Особенно Фёдор любил, когда Лидка укладывала спать детей. Он исподволь подглядывал за ними, делал вид, что идёт поискать что-то в комнате. А сам любовался, как жена убаюкивала уже взрослую Наташу и непоседливого Петьку. Таким счастьем светились её глаза, такими нежными были её руки. И он мечтал изо всех сил, как окажется с ней рядом в постели и будет так же, как дети, обнимать её за шею, целовать в ухо, а потом ласкать её мягкую нежную грудь. Эти минуты счастья давали ему силы выходить каждый день в жестокую жизнь, драться и сражаться за своё счастье. Он думал, что все мужики должны своих любимых беречь. Но понимал, что у всех взгляд на любовь разный.
Фёдор Петрович регулярно смотрел телевизор, и очень удивлялся, как женщины давали вставлять себе в грудь какие-то «импланты» и как мужики ихние давали так глумиться над своими женами и любовницами, да ещё и деньги бешеные платили за эти операции. Он никогда не дал бы никакой сволочи дотронуться до Лидкиной груди, а тем более лезть в неё со своими ножиками.
Так вот! Лидка хотела шубу, и для Фёдора это был закон. Полученные от хозяина деньги он отдал жене, и теперь мучился, как ему быть дальше.
— Что же мне теперь делать? Как же быть? Где деньги взять? Как обернуться?

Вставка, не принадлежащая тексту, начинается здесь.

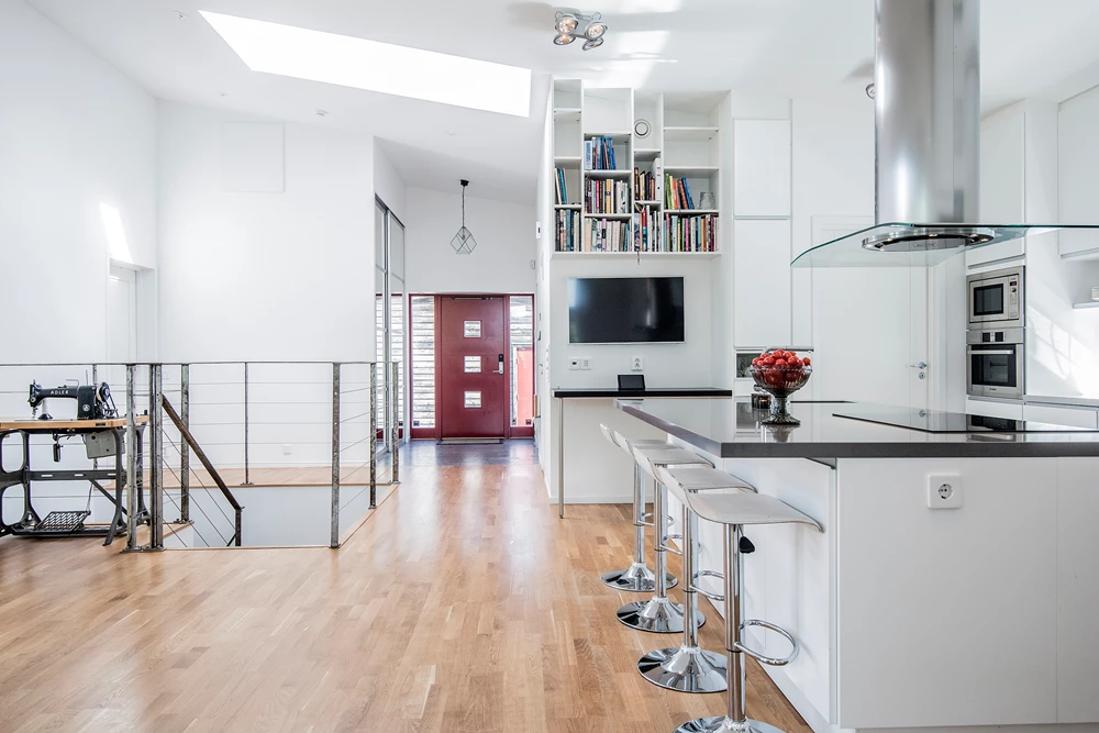 – Vi har i köket också gjort en speciell läxhörna med bänkskiva för att barnen ska kunna göra läxan medan vi lagar maten, utan att de är i vägen. Vi valde också en köksö med barhäng, bra att ha när vi har gäster och vill umgås under matlagningen.

Тревожные мысли раздирали голову. Проблема с деньгами была очень серьёзной, и решать её следовало быстро. Рабочим нужно платить, а то разбегуться.
Хуже того, ещё к хозяину пойдут с жалобами, там-то всё и выяснится. Народ долго ждать не будет. Нужно что-то делать.
Фёдор заправил рубашку в брюки, обтёр руки снегом и потихоньку направился к строящемуся дому своего заказчика. Ему нужно было запереть подвал, забрать свои вещи и ехать домой.
При подходе к дому в темноте он увидел незнакомую машину. Распознал джип. Рядом стояла машина хозяйки, её Форд Мондео он знал хорошо.
— Может, приехала подружкам что-то показать? — Удивился Фёдор. — Витражи уже установили, кухня работает, санузлы подключены, спальня обставлена.
Накануне, собираясь в поездку, хозяин говорил, что вернётся из командировки, и будет уговаривать Киру Ивановну переехать в достраивающийся дом. Фёдор возражал, как мог. Всё-таки работы было ещё много, хозяева будут мешаться на стройке. Но спорить было бесполезно.
Колючий неприятный взгляд хозяина остановил его. Так Олег Серафимович смотрел, когда ему не нравилось, что кто-то с ним спорит. Иногда кое-какие возражения принимались, но когда кто-то пы-тался решать принципиальные вопросы за него, хозяин гневался не на шутку. В таких случаях Фёдор затыкался и уповал на волю Господа. Не зря его бабушка тайком покрестила в далёком детстве. Крест он носил на длинной цепочке, чтобы не вываливался из рубашки. Библию читал, заповеди знал, в церковь изредка ходил. Он не представлял себе, на какую работу ходит хозяин, только понимал, что дело было очень серьёзным и ответственным, требующим принятия важных решений, и Олег Серафимович, как большой начальник, не привык выслушивать возражения. Недовольство хозяина прораб Пет-ров понял и решил не спорить. Будь что будет! На всё воля Господа нашего!
Тем временем в доме что-то происходило, слышался какой-то шум и чувствовалось какое-то движение. Вернее даже не слышался. Просто Фёдор много лет прорабствовал и ощущал свой объект тридцать пятым чувством. По мимолётному взгляду, по запаху, он знал, есть ли кто-то на стройке, или что там происходит. Это была, как он для себя решил, строительная интуиция.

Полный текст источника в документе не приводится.